Given data:
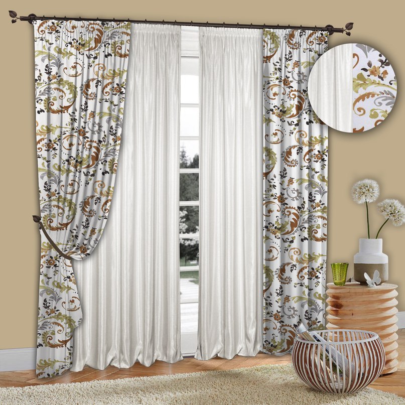 Также есть очень интересные комплекты оконного убранства, которые имеют одинаковый рисунок, но разный фон. Ещё более необычно смотрится сочетание ярких штор с неброским рисунком и светлого тюля с аналогичным узором, выполненным под цвет фона занавесок. Также есть и интересные трехцветные комплекты, которые включают в себя двухцветные шторы и тюль, который очень близок к одному из этих тонов, причём один из трёх цветов всегда является ярким, акцентным. Очень стильно смотрится комплект короткого тюля и длинных штор.
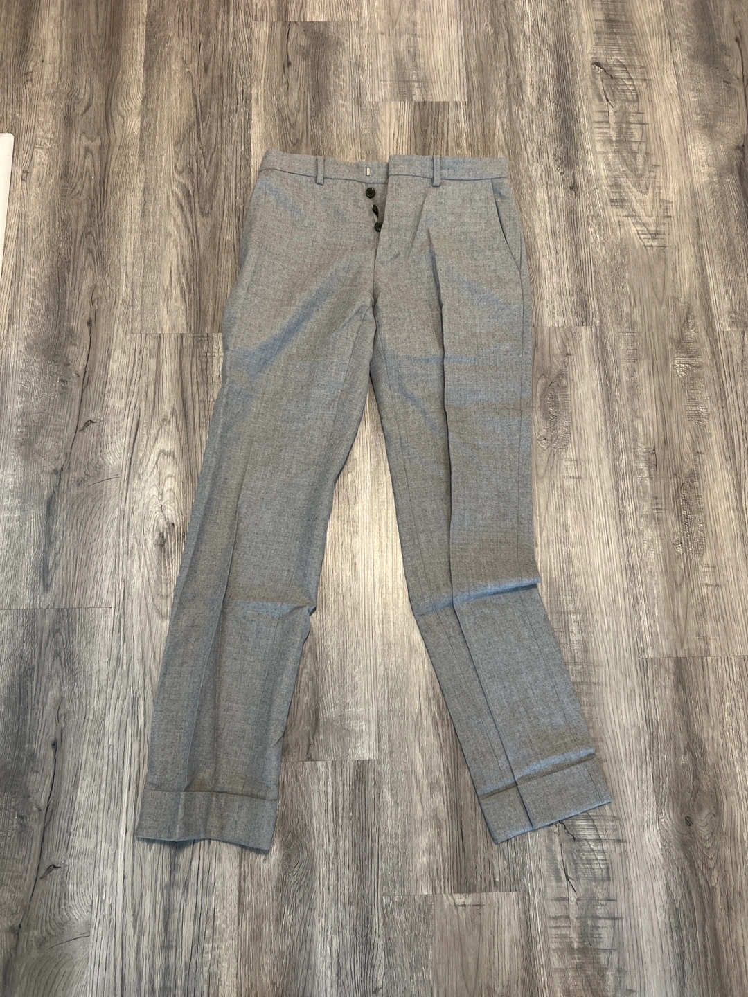 Grey wool trousers. Button fly. Straight leg. Cuffed hems. Size 28 x 30
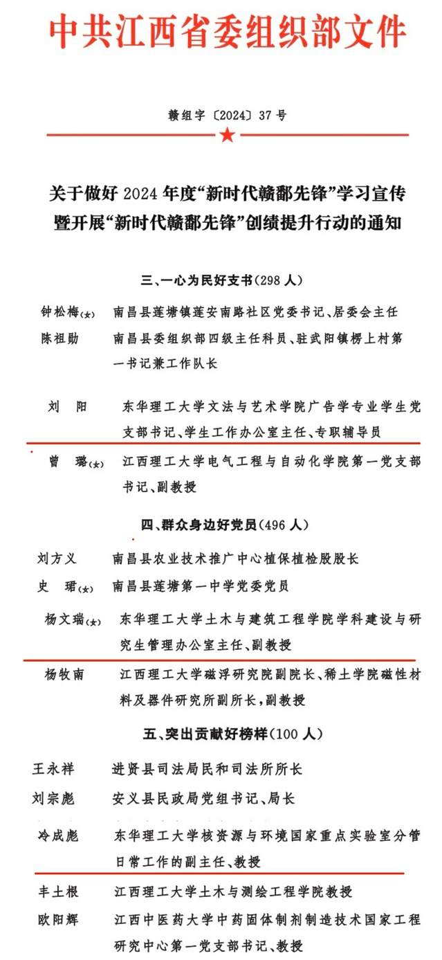 近日,省委组织部下发了《关于做好2024年度“新时代赣鄱先锋”学习宣传暨开展“新时代赣鄱先锋”创绩提升行动的通知》(赣组字〔2024〕37号),公布了2024年度“新时代赣鄱先锋”学习宣传人选名单,九游电子娱乐_九游体育(中国)冷成彪、杨文瑞、刘阳3名教师被确定为全省2024年度“新时代赣鄱先锋”学习宣传对象。
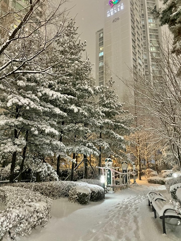 오후7시 30분경 퇴근하는데, 온 세상이 하애서 깜짝 놀랐다. 차도는 막히고 어수선했지만 아랑곳 하지 않고 나는 눈을 맞으며 천천히 걸었다.
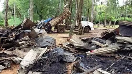 A éstas horas funcionarios y maquinas de la municipalidad se encuentran limpiando la mencionada arteria que ayer fue siniestrada. Por otro lado se puede observar a gente que se dedica al reciclaje buscando materiales que puedan servir para vender.
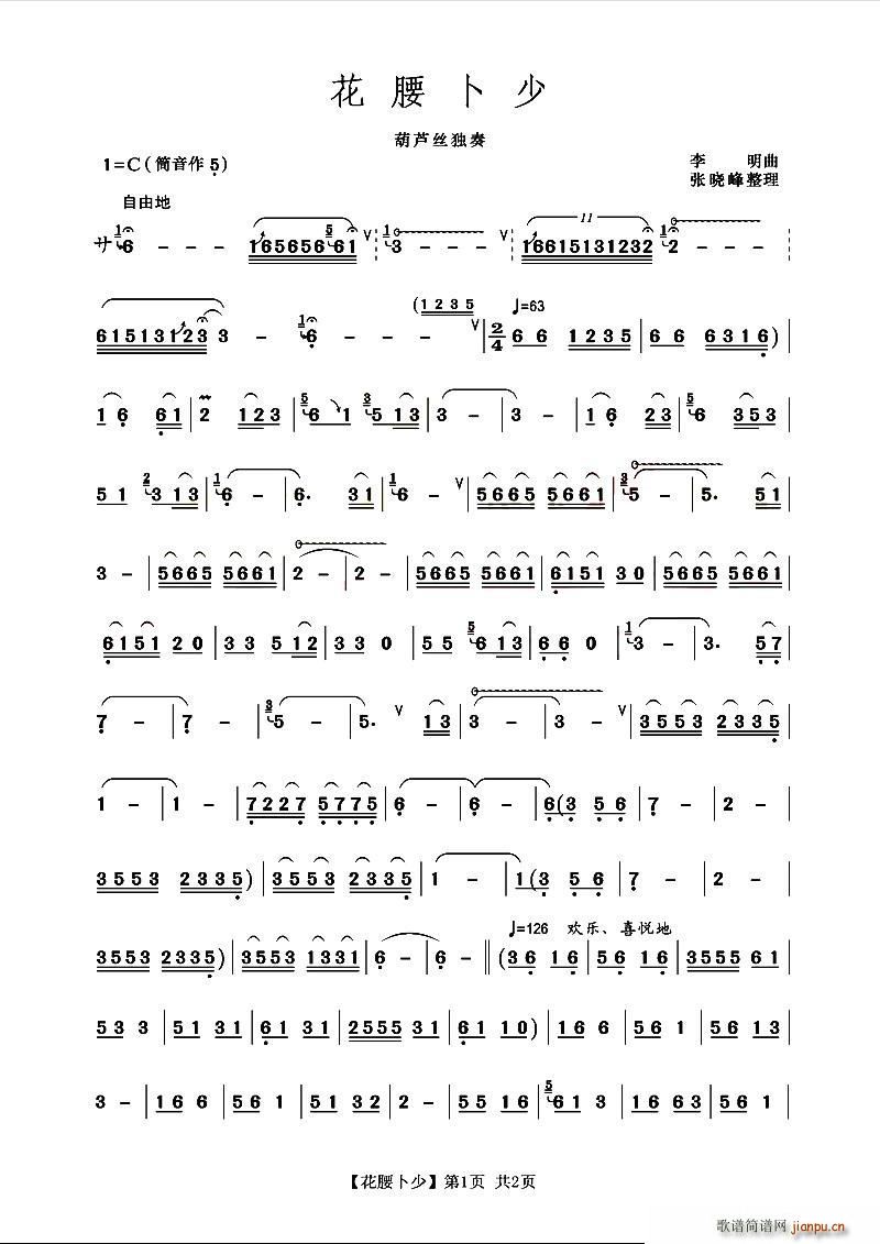 当前位置: 歌谱简谱网 > 葫芦丝谱 > 花腰卜少 葫芦丝等
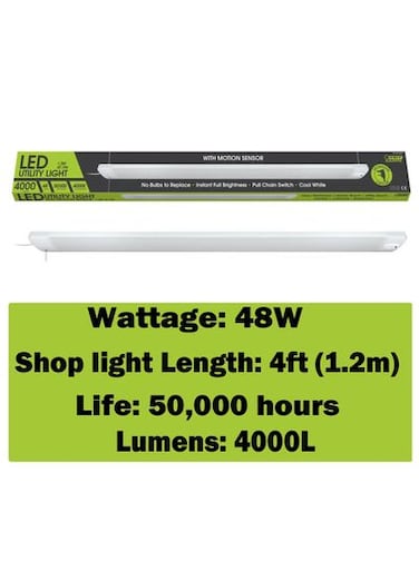 - The Feit 4ft (1.2m) Slim LED Shop Light requires no lamps to replace and lasts up to 50,000 hours or 46 years (based on normal household use of 3 hours per day). The PIR motion detection allows for intuitive use, turning on when motion is detected and off when there is no activity. Alternatively you can use the pull out chain or switch to quickly turn the light on and off. It's perfect for garages, basements, game rooms, utility rooms, workshops and lofts. Features an easy plug-in fixture, nice and quiet with no humming, instantly turns on with full brightness and displays a sleek modern design.
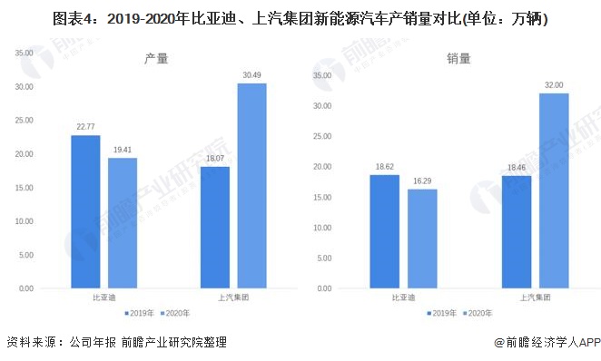 从两家公司新能源汽车产销来看2019年,比亚迪的新能源汽车产销均高于上汽集团,但是2020年上汽集团产销增长幅度较大,均超越比亚迪。2020年上汽集团新能源汽车产量为30.49万辆,较比亚迪多12.42万辆;2020年上汽集团新能源汽车销量实现32.00万辆,较比亚迪多13.54万辆。其中,上汽乘车分公司在2020年销量7.68万辆,排全国第三,上汽通用五菱在2020年销售17.08万辆排全球第四。综合来看,2020年,上汽集团在新能源汽车领域领先。
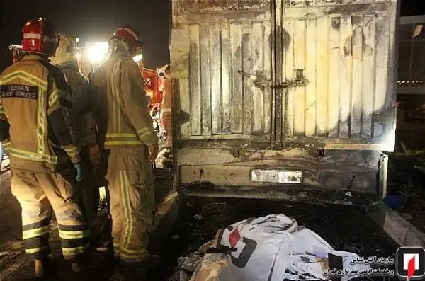 وی افزود: خودروی سواری پس از واژگونی به حالت سر و ته بر روی زمین و قسمت اتاق بارعقب کامیون قرار گرفت و سپس طعمه آتشسوزی شد.
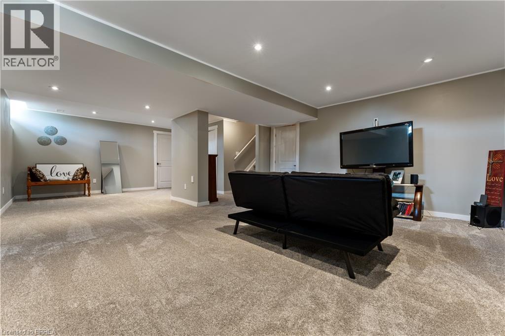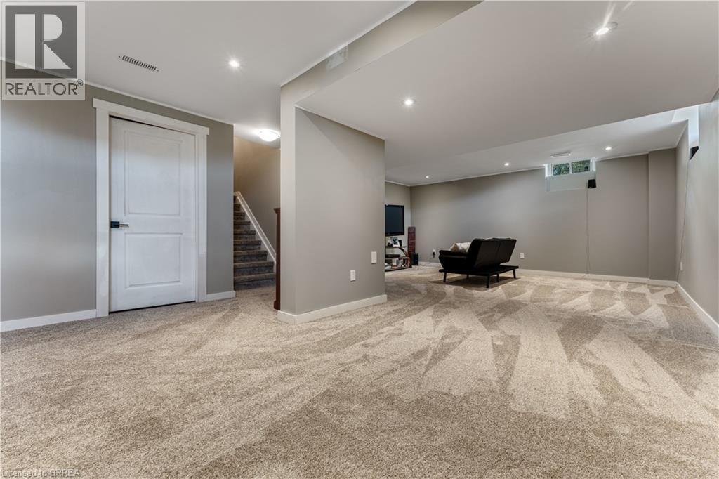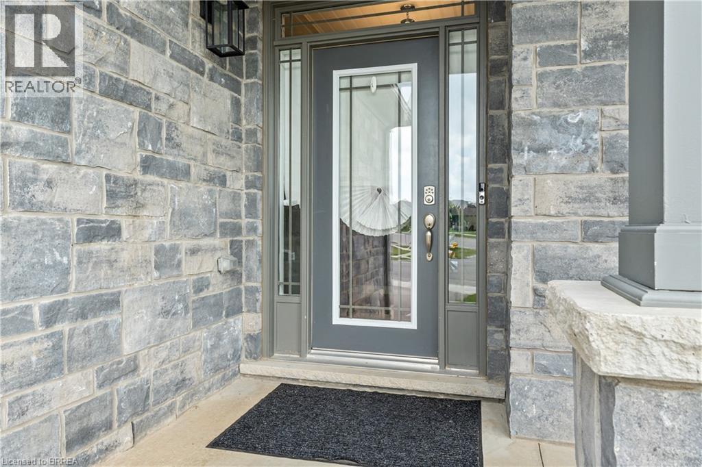 Desirable executive home on a private premium lot with no rear neighbours. This 4 bedroom 2 and a half bathroom Losani home features include carpet free main floor area, open concept main floor area, a large porch and a 4 car driveway to name a few of the highlights. Main level has a separate formal dining room at the front of the home, an office, a 2pc bath, kitchen with large island and walk in pantry and quartz counter top with backsplash, 9 ft ceilings a large great room with plenty of natural light and hardwood flooring throughout. Sliding patio doors lead you to your private rear yard over looking the treed forest behind you, a patio to sit and relax and a fully fenced yard with storage shed. The solid oak staircase leads you to the Second level which has 4 bedrooms with a spacious master having a walk in closet, 5 piece ensuite with glass door shower, soaker tub, double sink in the vanity, and a walk out to the balcony to enjoy your morning coffee. The Laundry room is also located on the second floor and 4 piece bathroom also. The lower level is partially finished with a large recreation room, a storage room, a utility room, a rough in for 3pc bathroom and also can finish another bedroom to bring the total to 5 bedrooms. Newly built park beside the home, mins from the 403 highway, downtown Paris and shopping and recreation center/skate rink within a minute walk. Must be seen to be appreciated! (id:64974)

Goal of the exercise: Look back over the records above. Reproduce exactly everything from the line with "A éstas horas" down to the line with "وی افزود: خودروی", inclusive, and leave the pictures out.

Output:
 A éstas horas funcionarios y maquinas de la municipalidad se encuentran limpiando la mencionada arteria que ayer fue siniestrada. Por otro lado se puede observar a gente que se dedica al reciclaje buscando materiales que puedan servir para vender.
 当前位置: 歌谱简谱网 > 葫芦丝谱 > 花腰卜少 葫芦丝等
 - The Feit 4ft (1.2m) Slim LED Shop Light requires no lamps to replace and lasts up to 50,000 hours or 46 years (based on normal household use of 3 hours per day). The PIR motion detection allows for intuitive use, turning on when motion is detected and off when there is no activity. Alternatively you can use the pull out chain or switch to quickly turn the light on and off. It's perfect for garages, basements, game rooms, utility rooms, workshops and lofts. Features an easy plug-in fixture, nice and quiet with no humming, instantly turns on with full brightness and displays a sleek modern design.
 从两家公司新能源汽车产销来看2019年,比亚迪的新能源汽车产销均高于上汽集团,但是2020年上汽集团产销增长幅度较大,均超越比亚迪。2020年上汽集团新能源汽车产量为30.49万辆,较比亚迪多12.42万辆;2020年上汽集团新能源汽车销量实现32.00万辆,较比亚迪多13.54万辆。其中,上汽乘车分公司在2020年销量7.68万辆,排全国第三,上汽通用五菱在2020年销售17.08万辆排全球第四。综合来看,2020年,上汽集团在新能源汽车领域领先。
 وی افزود: خودروی سواری پس از واژگونی به حالت سر و ته بر روی زمین و قسمت اتاق بارعقب کامیون قرار گرفت و سپس طعمه آتشسوزی شد.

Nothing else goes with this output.